Poor posture: maintaining good posture is essential for our overall well beings. It improves your health as well as build up your confidence level. A long working hour with poor posture put lots of pressure on your spine, resulting in pain and stiffness. Poor posture and irregular bedtime routine can lead to several disease conditions, and cervical pain is one of them.

Symptoms associated with cervical pain:

The most commonly observed symptoms associated with cervical pain are

–  Pain and stiffness: if pain, stiffness and weakness persist on either side of your neck or in the middle ear and extend to the back of your head and shoulder, it could be a prior symptom of cervical pain.
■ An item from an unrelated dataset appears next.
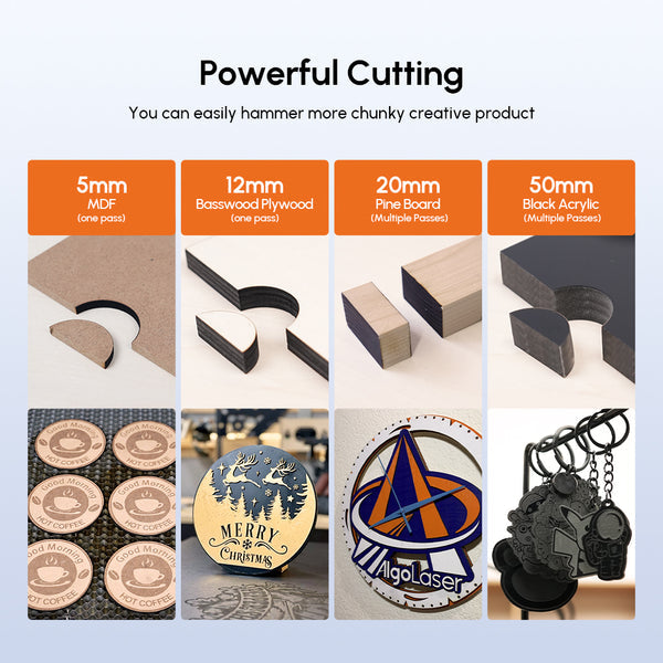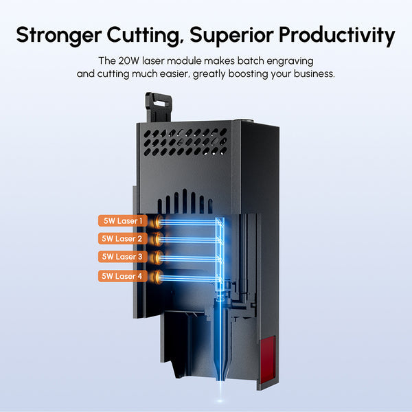 The 20W laser module makes batch engravingand cutting much easier, greatly boosting your business.

–  Tingling or numbness: when the muscles, bones and tissue surrounding neck region stressed too much, the nerve becomes pinched resulting, you may feel numbness, needles or tingling sensation and it could be due to cervical pain.

–  Muscle spasms: muscular spasm is the sudden stiffening of muscles; it can be in any region of the body. When it occurs in the neck, it causes unpleasant stiffness and pain resulting, difficult to move your head. It usually lasts up to a few hours or a day, and you can easily get rid of the pain by gentle stretching or by applying heat or ice packs.

–  Some other symptoms related to cervical pain are a headache, shoulder pain, facial pain, decreased ability to move your head, dizziness or lightheadedness, difficulty in swallowing, tenderness and sharp shooting pain.

–  Sometimes symptoms of cervical pain are associated with upper back or lower back pain (that generally occurs due to the inflammation of the spine).

The treatment of any disease condition or any type of pain depends upon the prior symptoms. So before proceeding with any treatment, one must always consult with the doctor. It is also essential to know about your disease condition, especially when you are suffering from cervical pain because the spine is the prime part that helps in connecting other body parts. So any mishaps during treatment could lead to significant injuries.

In the prior section, we studied a brief about cervical pain and its anatomy, what causes cervical pain and symptoms associated with cervical pain.

Now, let us enlighten you,

How to diagnose cervical pain?
The diagnosis of cervical pain can be based on prior symptoms. The doctors will take your medical history, examine and check for numbness, muscle weakness and tenderness.

Imaging test: in order to get a clear picture and actual cause behind cervical pain, the doctor will advise to take imaging test such as:

X-rays: it gives information about the affected area of neck region where bones might pinch the spinal cord or nerves or is there any degeneration.

CT scan: it provides detailed cross-sectional views of the entire region of necks.

MRI: MRI or Magnetic Resonance Imaging uses strong magnetic radio waves that provide a complete image of soft tissue and bones, including spinal nerve and spinal cord.

All these imaging studies will help out to know the major culprit behind cervical pain.

Some other tests are:

Electromyography (EMG): it measures the speed of nerve conduction and provides information about the specific nerve functioning.

Blood test: blood test provides information about the infection or any inflammation that might be one of the causes behind cervical pain.

Concluding, Cervical pain is the most prominent and fourth leading cause of disability in people with an annual prevalence rate of more than 30 %.